A modular pipeline for automated MRI DICOM preprocessing. Converts raw DICOM MRI data into model-ready inputs through a series of numbered processing steps.
- Automated DICOM Scanning: Recursively scans directories for MRI DICOM files and extracts metadata.
- Intelligent Parsing: Identifies scan types, filters artifacts, and orders sequences by acquisition time.
- NIfTI Conversion: Converts DICOM series to NIfTI format using dcm2niix.
- Spatial Alignment: Coregisters scans to a reference volume.
- Modular Design: Each pipeline step is an independent script that can be run manually or in sequence.
- Containerized: Docker image with all dependencies pre-installed (Python, pydicom, nibabel, niftyreg, dcm2niix).
MRI_preprocessing/
├── code/
│ └── preprocessing/ # Core Python preprocessing scripts
│ ├── 01_scanDicom.py # Scan DICOM files and extract metadata
│ ├── 02_parseDicom.py # Filter and order scans
│ ├── 03_saveNifti.py # Convert DICOM to NIfTI
│ ├── 04_saveRAS.py # Reorient to RAS
│ ├── 05_alignScans.py # Coregister scans
│ ├── 06_genInputs.py # Generate model inputs
│ ├── DICOM.py # DICOM handling utilities
│ ├── toolbox.py # Shared helper functions
│ └── 00_preprocess.sh # Run full pipeline
├── control_system/ # Docker image and compose files
│ ├── dockerfile # Container image definition
│ ├── docker-compose.yml # Linux compose file
│ ├── docker-compose-wsl.yml # WSL compose file
│ ├── startup.sh # Container entrypoint
│ └── README.md # Container documentation
├── test/ # Unit and integration tests
├── docs/ # Code reviews and improvement recommendations
├── start_control.sh # Container startup script
├── access_preprocessing.sh # Direct CLI access to container
├── install.py # Docker + NVIDIA toolkit installer (Linux)

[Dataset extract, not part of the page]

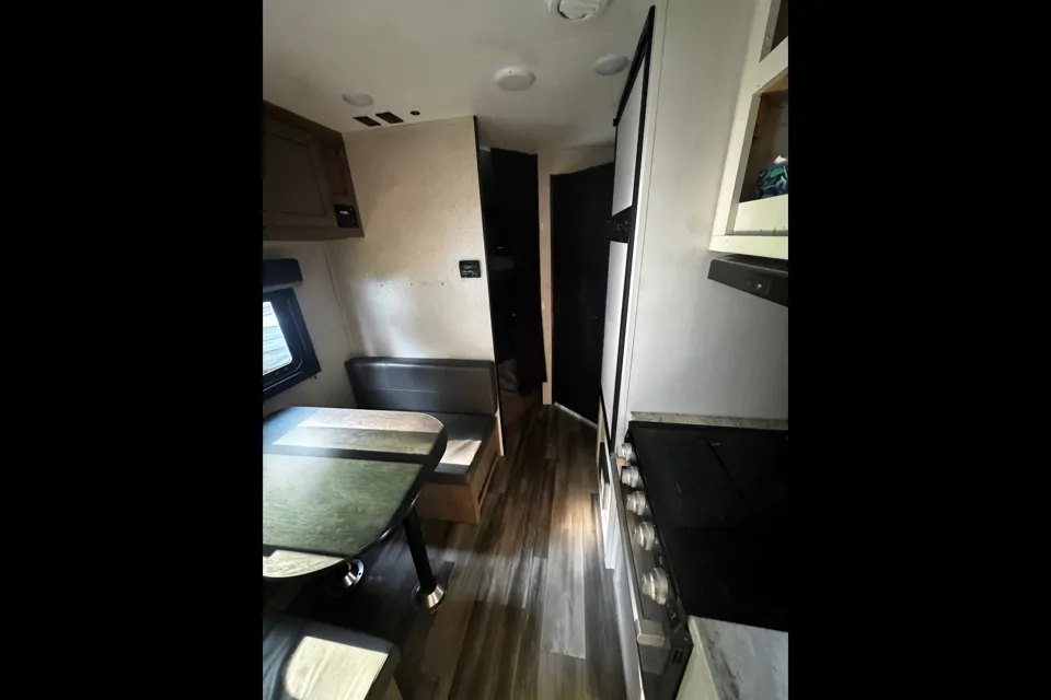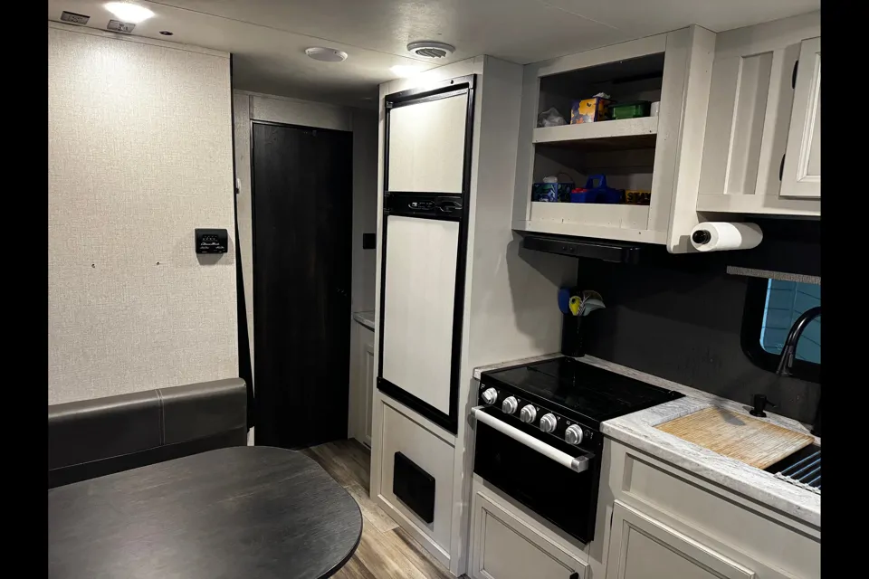 Kitchen & Appliances: Fully equipped with a 3 burner propane stove, propane oven (can fit a 14 inch pizza snugly), large kitchen sink with soap dispenser, fridge, and freezer.

├── mount_kirbyPro.sh # Machine-specific mount script
├── requirements.txt # Python runtime dependencies
└── requirements-dev.txt # Development/testing dependencies
- Linux or WSL2
- Python 3.10+
- NVIDIA GPU (for preprocessing acceleration)
-
Clone the repository:
git clone https://github.com/TheParraLab/MRI_preprocessing cd MRI_preprocessing -
Install Docker and NVIDIA Container Toolkit:
sudo python3 install.py
This installs Docker, configures GPU access, and verifies the setup.
bash start_control.shYou will be prompted for:
- The path to your raw DICOM data directory
- The path for NIfTI output
The container mounts your host directories into /FL_system/data/raw/ and /FL_system/data/nifti/ inside the container.
While the container is running:
bash access_preprocessing.shThis opens an interactive shell inside the container. Navigate to /FL_system/code/preprocessing/ to run preprocessing scripts.
Each step can be run manually:
# Step 1: Scan DICOM files
python 01_scanDicom.py --scan_dir /FL_system/data/raw --save_dir /FL_system/data
# Step 2: Parse and filter
python 02_parseDicom.py --save_dir /FL_system/data
# Full pipeline:
bash /FL_system/code/preprocessing/00_preprocess.shThe pipeline consists of numbered scripts that should generally be run in order:
- 01_scanDicom.py — Scans raw DICOM data, extracts metadata, produces
Data_table.csv - 02_parseDicom.py — Filters scans (removes T2, DWI, computed images), orders by trigger time, produces
Data_table_timing.csv - 03_saveNifti.py — Converts selected DICOM series to NIfTI format using dcm2niix
- 04_saveRAS.py — Reorients NIfTI files to RAS orientation
- 05_alignScans.py — Coregisters all scans to a reference volume
- 06_genInputs.py — Generates numpy inputs for model training
Intermediate outputs:
/FL_system/data/Data_table.csv— DICOM metadata table (step 01 output)/FL_system/data/Data_table_timing.csv— Filtered and ordered table (step 02 output)/FL_system/data/nifti/— NIfTI files (step 03 output)/FL_system/data/RAS/— RAS-oriented NIfTI files (step 04 output)/FL_system/data/coreg/— Coregistered scans (step 05 output)/FL_system/data/inputs/— Final model inputs (step 06 output)
# Run all tests
pytest test/ -v
# Run unit tests only (fastest)
pytest test/test_scanDicom_unit.py -v
# Run comprehensive tests
pytest test/test_scanDicom_full.py -v
# Run deterministic known-result tests
pytest test/test_synthetic_known_result.py -vTest coverage for 01_scanDicom.py is comprehensive (89 tests). See test/TESTS.md for the full test suite documentation.